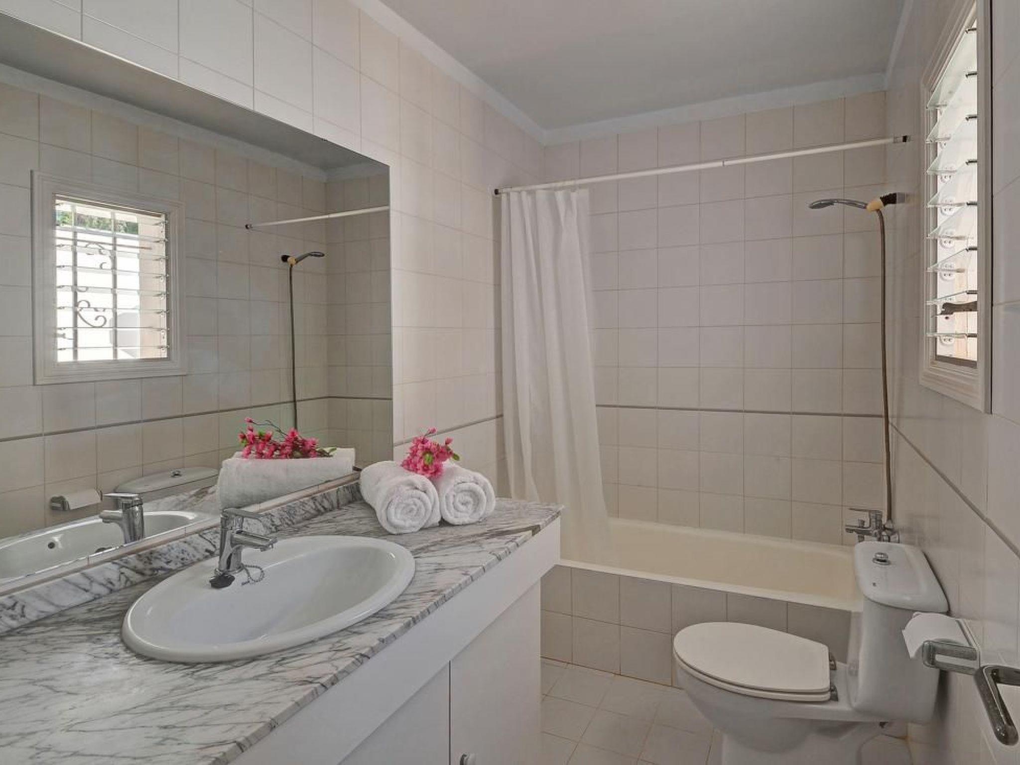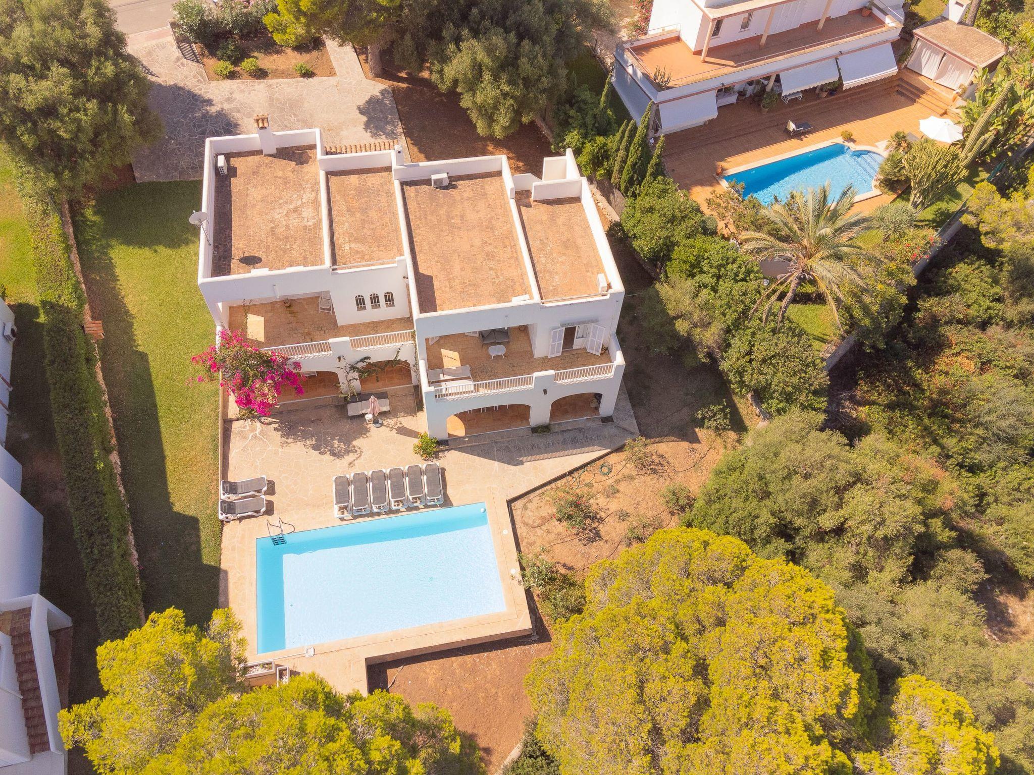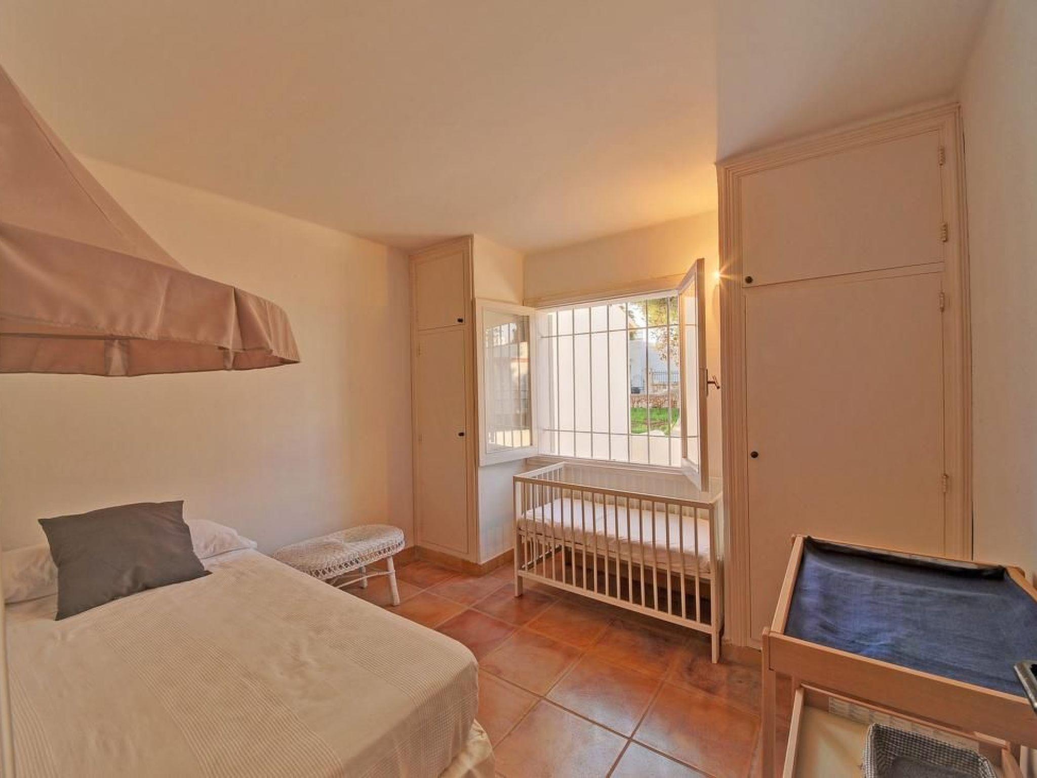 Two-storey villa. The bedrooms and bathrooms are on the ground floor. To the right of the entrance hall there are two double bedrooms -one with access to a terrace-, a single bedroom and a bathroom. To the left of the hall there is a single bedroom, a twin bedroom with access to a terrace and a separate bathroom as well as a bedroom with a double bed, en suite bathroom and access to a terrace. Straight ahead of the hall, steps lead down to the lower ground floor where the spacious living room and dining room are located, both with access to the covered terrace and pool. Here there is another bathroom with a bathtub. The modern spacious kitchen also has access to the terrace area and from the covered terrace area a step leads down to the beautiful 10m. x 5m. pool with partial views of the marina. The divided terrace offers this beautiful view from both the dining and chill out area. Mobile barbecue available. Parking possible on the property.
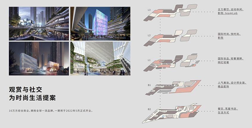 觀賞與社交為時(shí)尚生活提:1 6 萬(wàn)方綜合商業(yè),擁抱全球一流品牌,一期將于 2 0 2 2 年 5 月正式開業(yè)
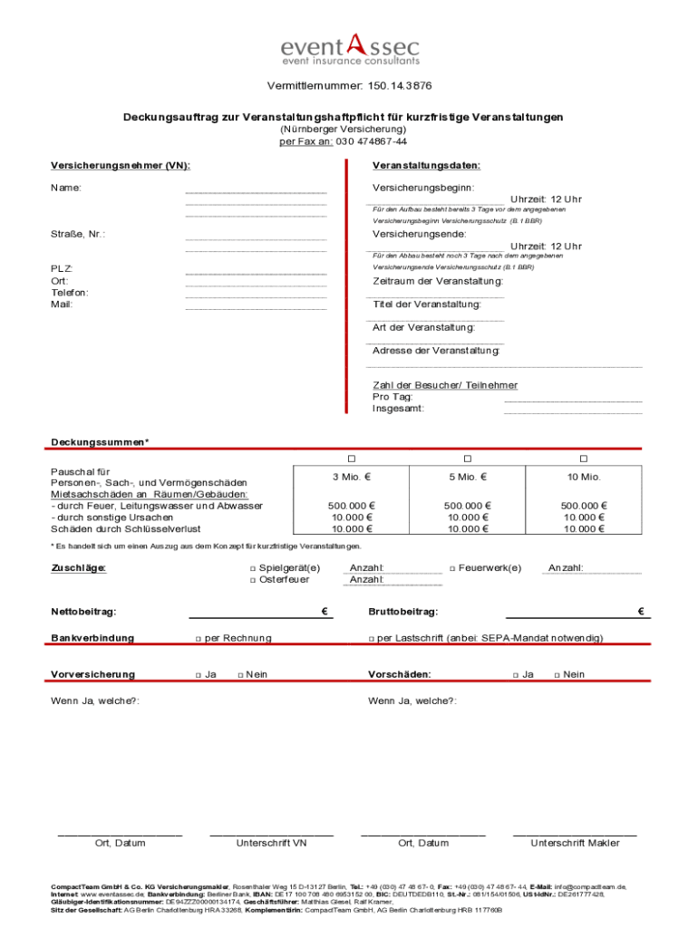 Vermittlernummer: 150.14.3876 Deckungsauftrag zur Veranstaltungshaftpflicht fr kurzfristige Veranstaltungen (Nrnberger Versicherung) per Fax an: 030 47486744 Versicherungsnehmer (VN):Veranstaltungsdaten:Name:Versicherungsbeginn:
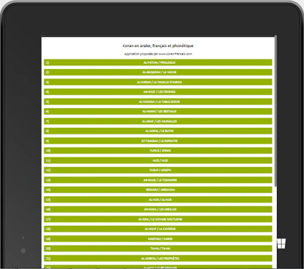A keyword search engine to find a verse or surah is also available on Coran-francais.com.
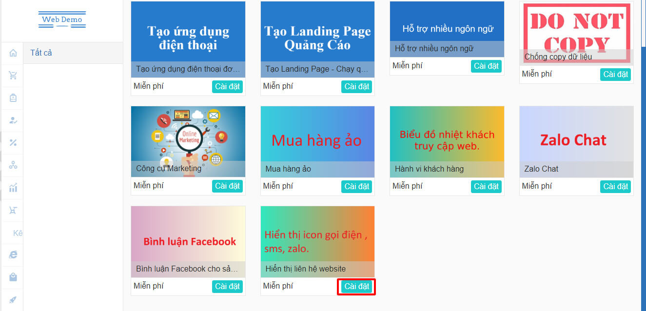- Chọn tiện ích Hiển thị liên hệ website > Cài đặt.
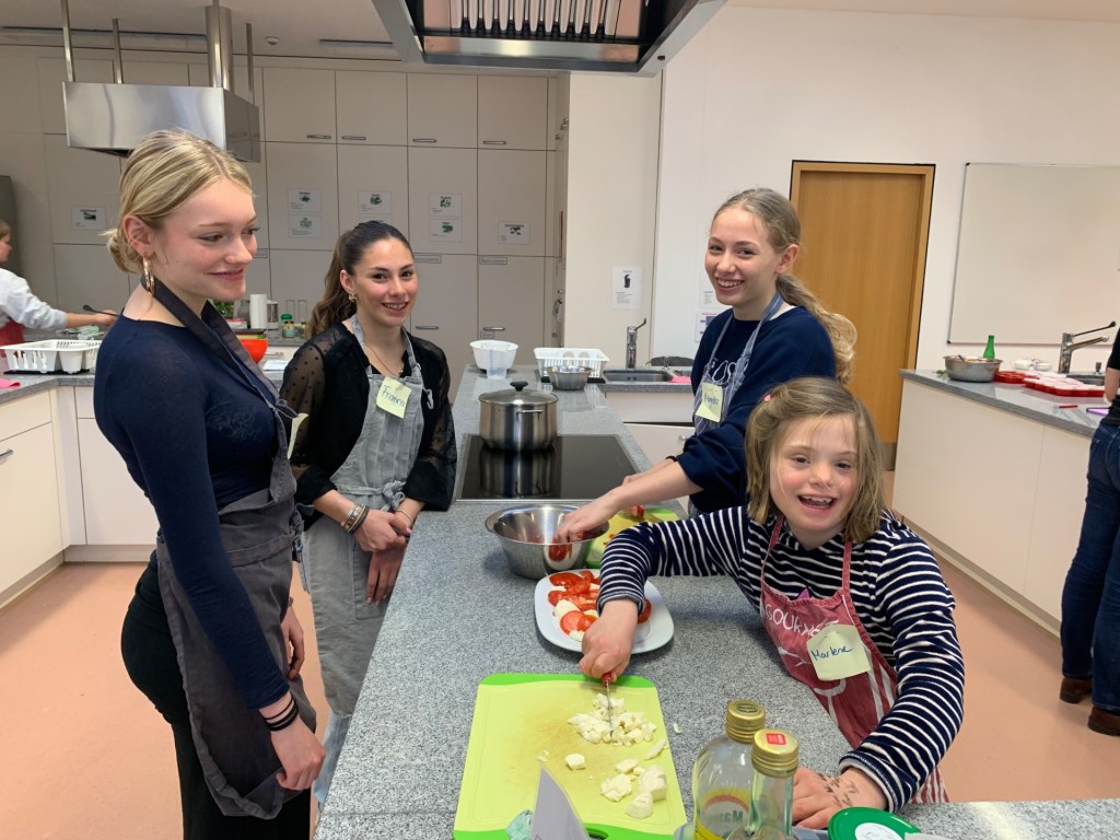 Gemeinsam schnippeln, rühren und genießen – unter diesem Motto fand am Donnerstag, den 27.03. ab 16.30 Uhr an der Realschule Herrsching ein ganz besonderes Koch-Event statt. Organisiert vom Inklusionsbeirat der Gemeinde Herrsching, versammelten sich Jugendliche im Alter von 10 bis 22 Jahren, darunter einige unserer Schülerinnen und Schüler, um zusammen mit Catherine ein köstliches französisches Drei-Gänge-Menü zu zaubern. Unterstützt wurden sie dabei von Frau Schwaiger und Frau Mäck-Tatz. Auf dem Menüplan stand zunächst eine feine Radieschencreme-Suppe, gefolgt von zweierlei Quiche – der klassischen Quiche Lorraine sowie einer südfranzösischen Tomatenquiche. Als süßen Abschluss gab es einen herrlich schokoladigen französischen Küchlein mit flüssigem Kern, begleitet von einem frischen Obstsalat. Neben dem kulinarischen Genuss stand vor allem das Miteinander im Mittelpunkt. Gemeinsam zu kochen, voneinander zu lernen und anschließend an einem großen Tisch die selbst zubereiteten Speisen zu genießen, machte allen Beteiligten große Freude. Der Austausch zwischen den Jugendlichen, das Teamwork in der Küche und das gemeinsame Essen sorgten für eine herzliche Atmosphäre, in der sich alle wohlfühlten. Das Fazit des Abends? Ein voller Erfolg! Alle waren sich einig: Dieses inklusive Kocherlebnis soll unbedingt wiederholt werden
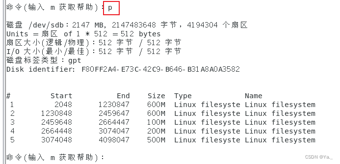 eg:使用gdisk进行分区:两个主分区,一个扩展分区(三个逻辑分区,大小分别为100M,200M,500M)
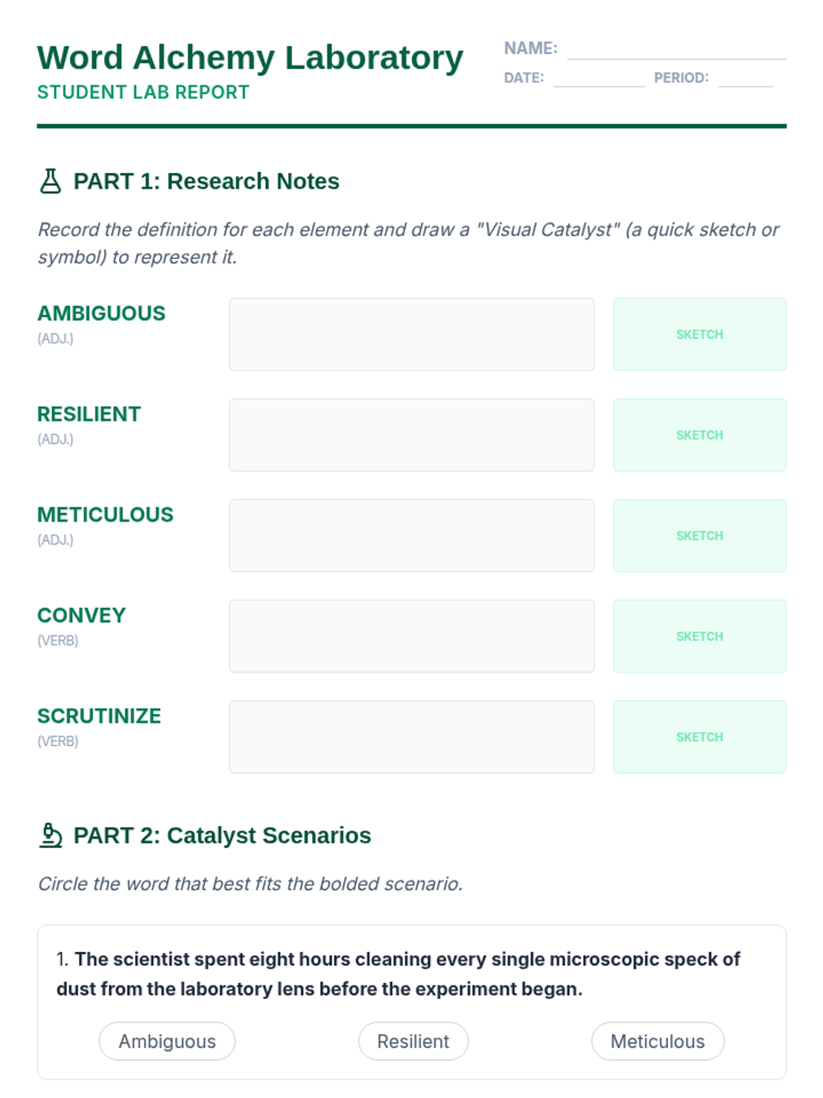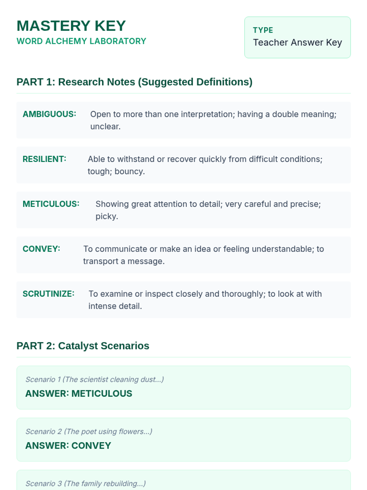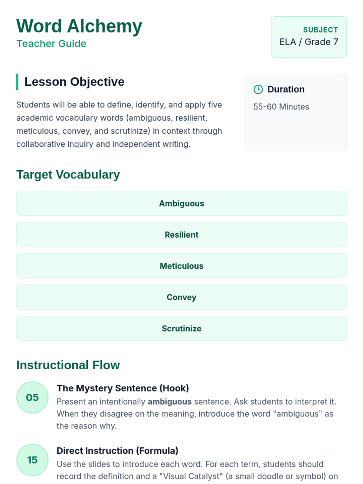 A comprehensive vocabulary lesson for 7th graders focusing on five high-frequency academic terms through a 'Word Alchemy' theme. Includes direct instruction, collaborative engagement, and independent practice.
◇ ◇ ◇ ◇ ◇
**WORK REQUEST**
Every line of the data above should be repeated exactly. Omit the pictures.

**ANSWER TO THIS TASK**
 Two-storey villa. The bedrooms and bathrooms are on the ground floor. To the right of the entrance hall there are two double bedrooms -one with access to a terrace-, a single bedroom and a bathroom. To the left of the hall there is a single bedroom, a twin bedroom with access to a terrace and a separate bathroom as well as a bedroom with a double bed, en suite bathroom and access to a terrace. Straight ahead of the hall, steps lead down to the lower ground floor where the spacious living room and dining room are located, both with access to the covered terrace and pool. Here there is another bathroom with a bathtub. The modern spacious kitchen also has access to the terrace area and from the covered terrace area a step leads down to the beautiful 10m. x 5m. pool with partial views of the marina. The divided terrace offers this beautiful view from both the dining and chill out area. Mobile barbecue available. Parking possible on the property.
 觀賞與社交為時(shí)尚生活提:1 6 萬(wàn)方綜合商業(yè),擁抱全球一流品牌,一期將于 2 0 2 2 年 5 月正式開業(yè)
 Vermittlernummer: 150.14.3876 Deckungsauftrag zur Veranstaltungshaftpflicht fr kurzfristige Veranstaltungen (Nrnberger Versicherung) per Fax an: 030 47486744 Versicherungsnehmer (VN):Veranstaltungsdaten:Name:Versicherungsbeginn:
A keyword search engine to find a verse or surah is also available on Coran-francais.com.
- Chọn tiện ích Hiển thị liên hệ website > Cài đặt.
 Gemeinsam schnippeln, rühren und genießen – unter diesem Motto fand am Donnerstag, den 27.03. ab 16.30 Uhr an der Realschule Herrsching ein ganz besonderes Koch-Event statt. Organisiert vom Inklusionsbeirat der Gemeinde Herrsching, versammelten sich Jugendliche im Alter von 10 bis 22 Jahren, darunter einige unserer Schülerinnen und Schüler, um zusammen mit Catherine ein köstliches französisches Drei-Gänge-Menü zu zaubern. Unterstützt wurden sie dabei von Frau Schwaiger und Frau Mäck-Tatz. Auf dem Menüplan stand zunächst eine feine Radieschencreme-Suppe, gefolgt von zweierlei Quiche – der klassischen Quiche Lorraine sowie einer südfranzösischen Tomatenquiche. Als süßen Abschluss gab es einen herrlich schokoladigen französischen Küchlein mit flüssigem Kern, begleitet von einem frischen Obstsalat. Neben dem kulinarischen Genuss stand vor allem das Miteinander im Mittelpunkt. Gemeinsam zu kochen, voneinander zu lernen und anschließend an einem großen Tisch die selbst zubereiteten Speisen zu genießen, machte allen Beteiligten große Freude. Der Austausch zwischen den Jugendlichen, das Teamwork in der Küche und das gemeinsame Essen sorgten für eine herzliche Atmosphäre, in der sich alle wohlfühlten. Das Fazit des Abends? Ein voller Erfolg! Alle waren sich einig: Dieses inklusive Kocherlebnis soll unbedingt wiederholt werden
 eg:使用gdisk进行分区:两个主分区,一个扩展分区(三个逻辑分区,大小分别为100M,200M,500M)
 A comprehensive vocabulary lesson for 7th graders focusing on five high-frequency academic terms through a 'Word Alchemy' theme. Includes direct instruction, collaborative engagement, and independent practice.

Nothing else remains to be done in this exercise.